USCIS makes it easy for immigrants to sign documents for green card petitions, citizenship, and More

USCIS makes it easy for immigrants to sign documents for green card petitions
USCIS makes it easy for immigrants to sign documents for green card petitions

The Citizenship and Immigration Services office is permanently making a policy on signing forms and documents for the application of immigration benefits, such as Legal Permanent Residence, citizenship, DACA, TPS and work visas.

Signing the documents for the application of any immigration benefit, including the 'green card' and citizenship, is now easier for immigrants, after the decision of the office of Citizenship and Immigration Services (USCIS) to make permanent a policy initiated during the COVID-19 pandemic.

In March 2020, given the mandatory quarantines and social distance, USCIS allowed immigrants to send documents with a copy of their signature, that is, it was not essential to have signed the paper directly.

Now that policy is permanent, according to agency modifications confirmed on July 25 and highlighted on August 3 by the USCIS Ombudsman's office, as well as the National Immigration Lawyers Association (AILA).

“On July 25, 2022, USCIS announced that it will continue to accept copies of original signatures on all forms and documents,” the Ombudsman's office recalled of the decision. “This makes permanent the temporary signature policy that USCIS announced in March 2020 in response to the COVID-19 pandemic.”

There are other policies under evaluation to make them permanent, but for now there have been some extensions on responding to requests for more information in certain cases.

There are various instructions on forms and other documents that specify that the signature must be “wet.” Even in those cases the copy will be accepted.

“USCIS will accept copies of original signatures on all benefit forms and documents, even if the form instructions require an original handwritten (“wet”) signature.

Now, that doesn't mean that later USCIS doesn't ask for the originally signed documents, not the copies, so they should be saved for that.

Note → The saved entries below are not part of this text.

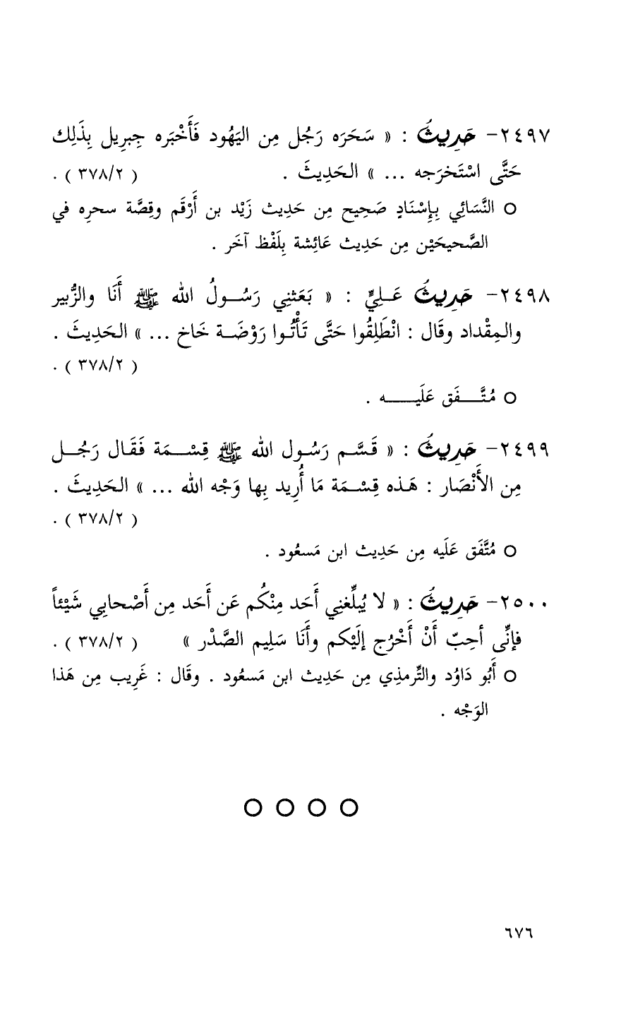 2500 حديث ( لا يبلإني أحد منكم عن أحد من أصحابي شيئاً فإنى أحب أن أخرج إليكم وأنا سليم الصدر ) ( 2 / 378 ) + أبو داود والترمذي من حديث ابن مسعود وقال غريب من هذا الوجه +
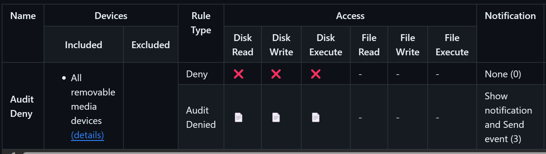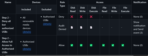 Per personalizzare il comportamento, il controllo dispositivo usa criteri che sono una combinazione di gruppi e regole. Iniziare distribuendo un criterio che nega tutto l'accesso a tutti i dispositivi di archiviazione rimovibili e controlla l'evento inviando una notifica al portale e all'utente. L'immagine seguente riepiloga queste impostazioni:
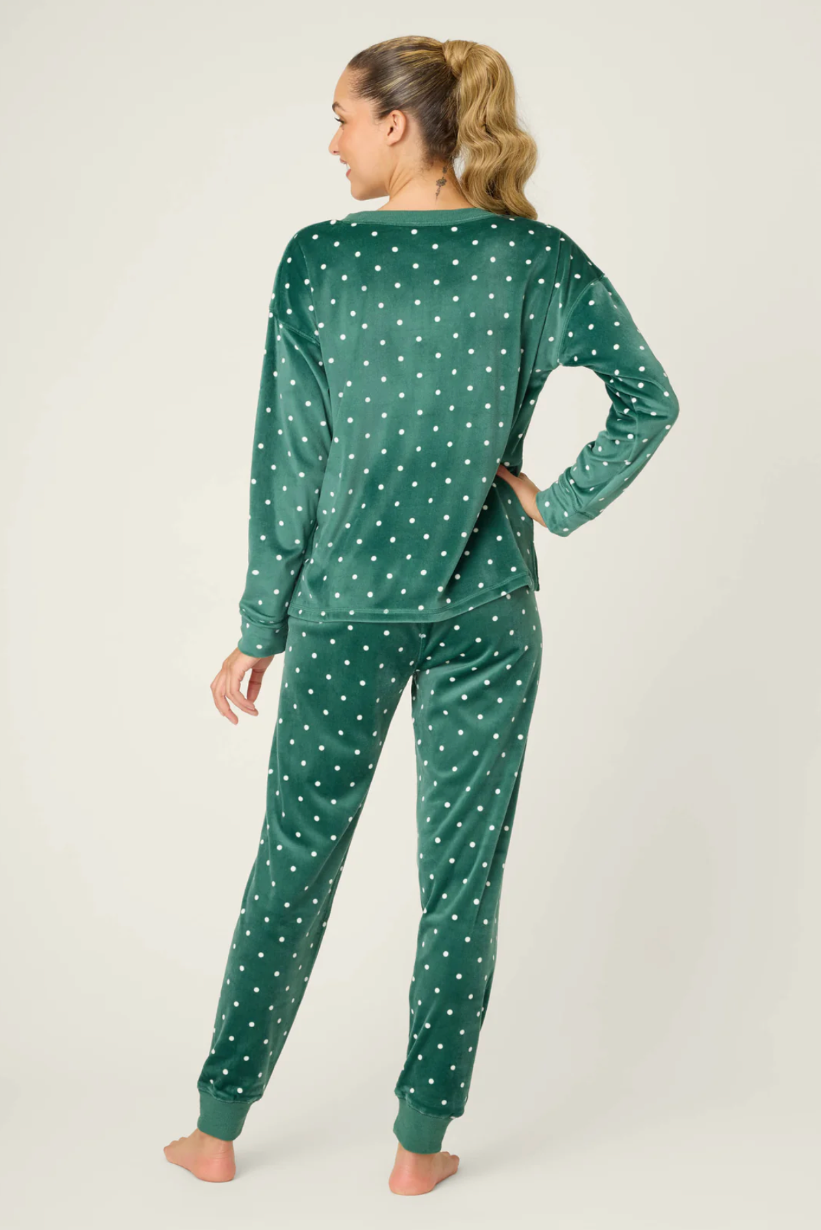 Silky-soft forest green velour makes this set as plush as it is festive. The long sleeve henley top features a classic button placket and banded cuffs, paired with jogger-style pants finished with a drawstring waist and cuffed hems. Scattered in playful white dots, it's made for holiday lounging that feels a little luxe.
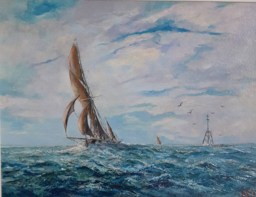 I mainly paint oil on board, generally marine subjects but this time I have tried to vary it with three portraits of cats much loved by my wife. I have recently been honoured to be made Chairman* of our Southend Art Club and will do my best for us all.
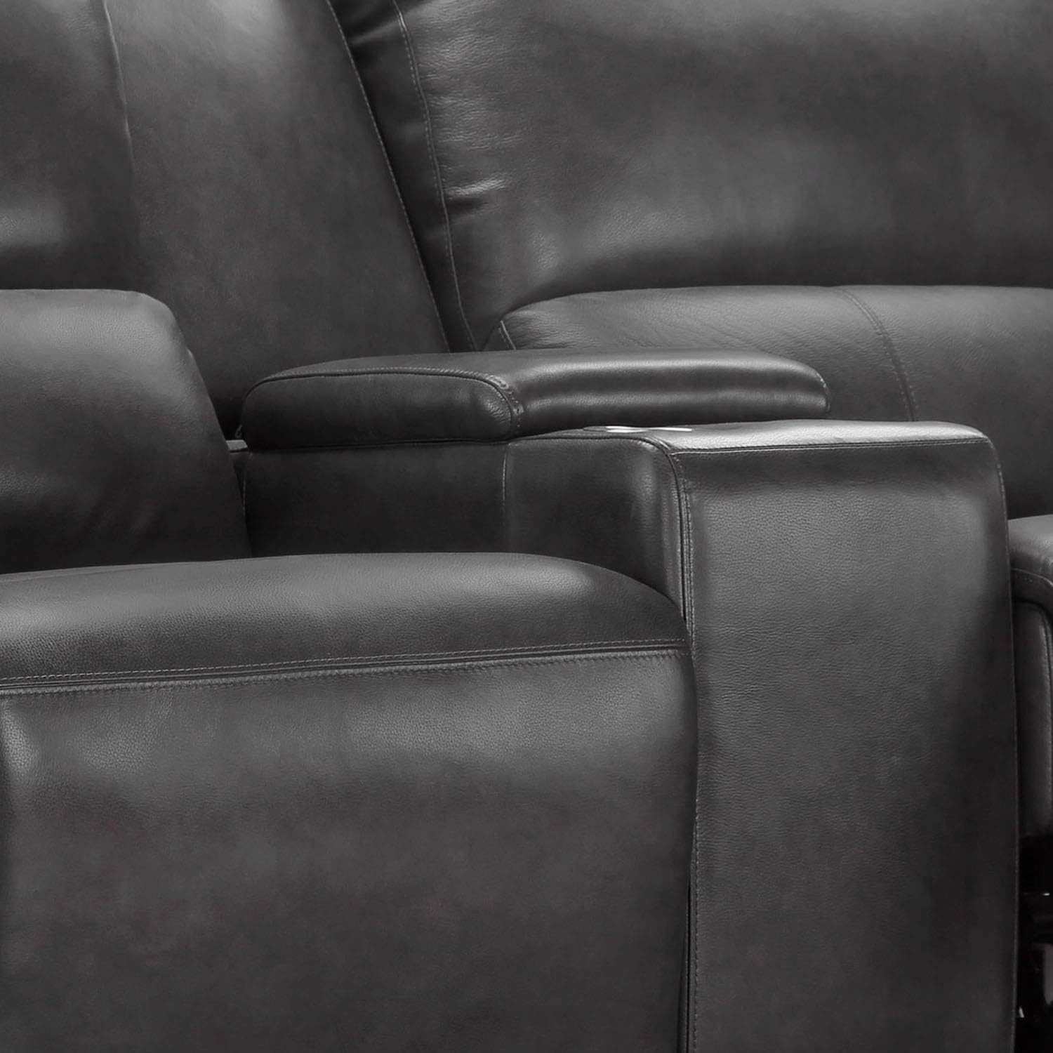 Abbyson Living Premium Top Grain Leather Upholstered Power Reclining Loveseat with Center Console, Grey
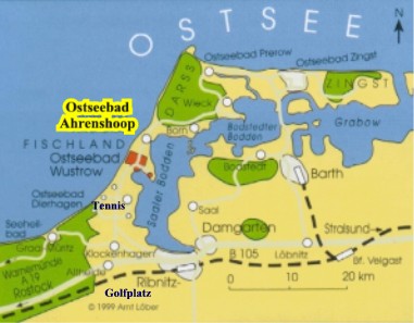Lageplans von Ahrenshoop an der Ostsee Alternativ von Hamburg: Von Berlin Bahn in Ribnitz-Damgarten, informieren Sie sich bitte auch über die von der Bundesbahn geschaffene Möglichkeit des Reisezuges (besonders interessant aus Süddeutschland). Mit öffentlichen Verkehrsmitteln, Bahnhof Ribnitz-Damgarten West, Anschlussbus nach Ahrenshoop/Mitte. Bus u. Bahnverbindungen 03821-25 25 Flughafen Rostock-Laage © 2000 Bschorer |
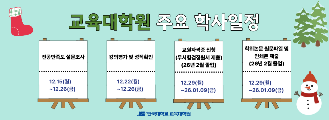 - 2025-12-16 [졸업예정자] 교원자격증 신청(무시험검정원서 제출) 안내 (2026년 2월 졸업)
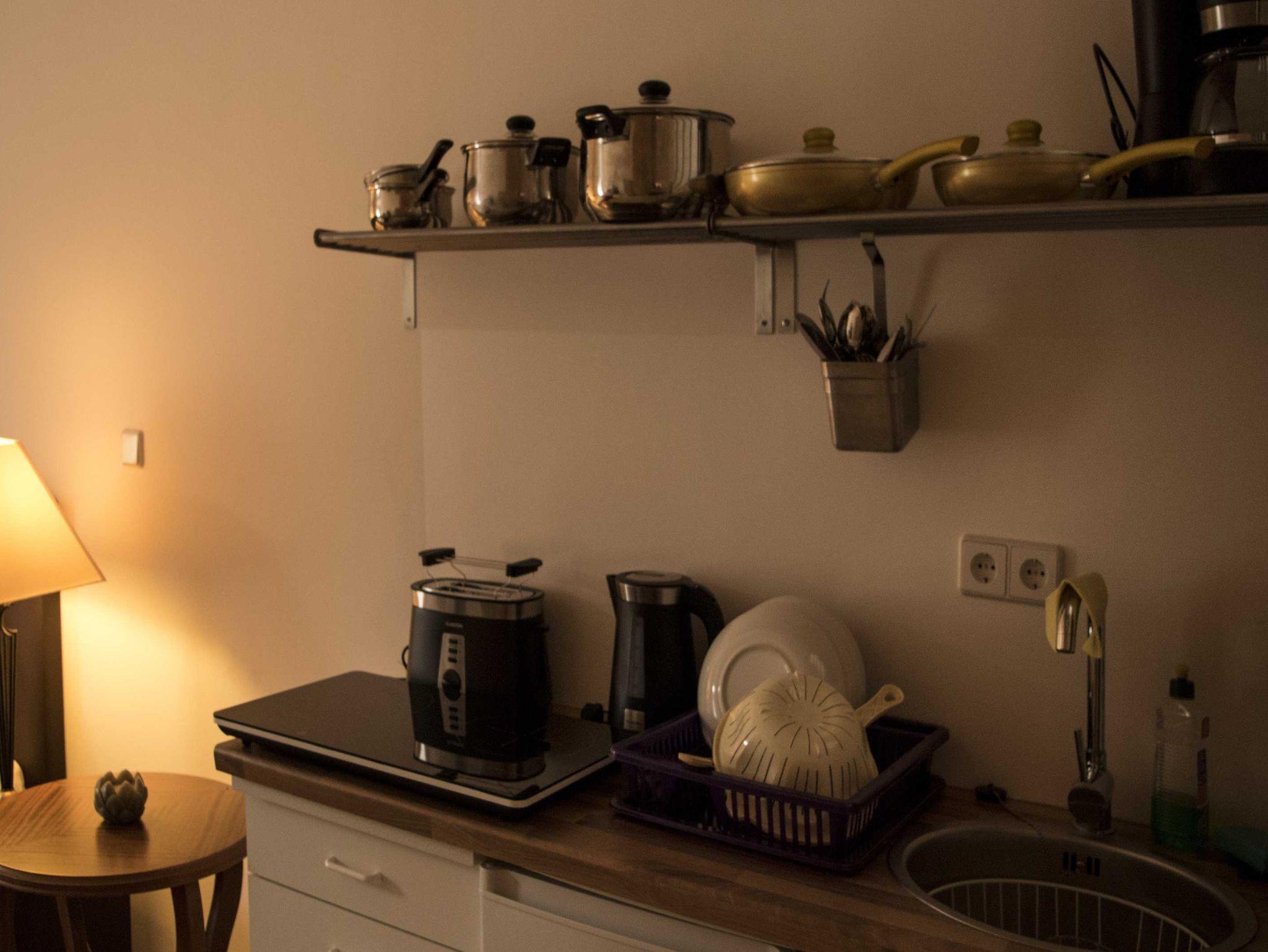 Die Apartments verfügen über kleine Kochnische mit einer Kaffeemaschine, Wasserkocher, einem Toaster, eine Kochplatte, sowie einen Sitzbereich und einem Flachbild-TV. Jedes Zimmer verfügt über kostenfreies WLAN. Das moderne Badezimmer verfügt über Fußbodenheizung und eine ebenerdige Dusche.

“This means that [the immigrant] can send a scanned, faxed, photocopied, or similarly reproduced copy of a document to USCIS, as long as the copy is an original document that contains an original handwritten signature,” specifies the office of the Advocate. “He must keep the original document with the wet signature and deliver it to USCIS if requested.”

The Ombudsman's Office reminds interested parties with any type of process open before USCIS that this policy applies only to the signature, so the other instructions of the corresponding form must be completed and followed to the letter.

It is added that this decision was reached after evaluations and meetings between the parties interested in improving the processes.

“The USCIS policy change will make it easier to prepare immigration applications,” says the Ombudsman's Office.

Remember that you must sign all the documents as indicated in the instructions, since without it the process could be complicated, even be suspended.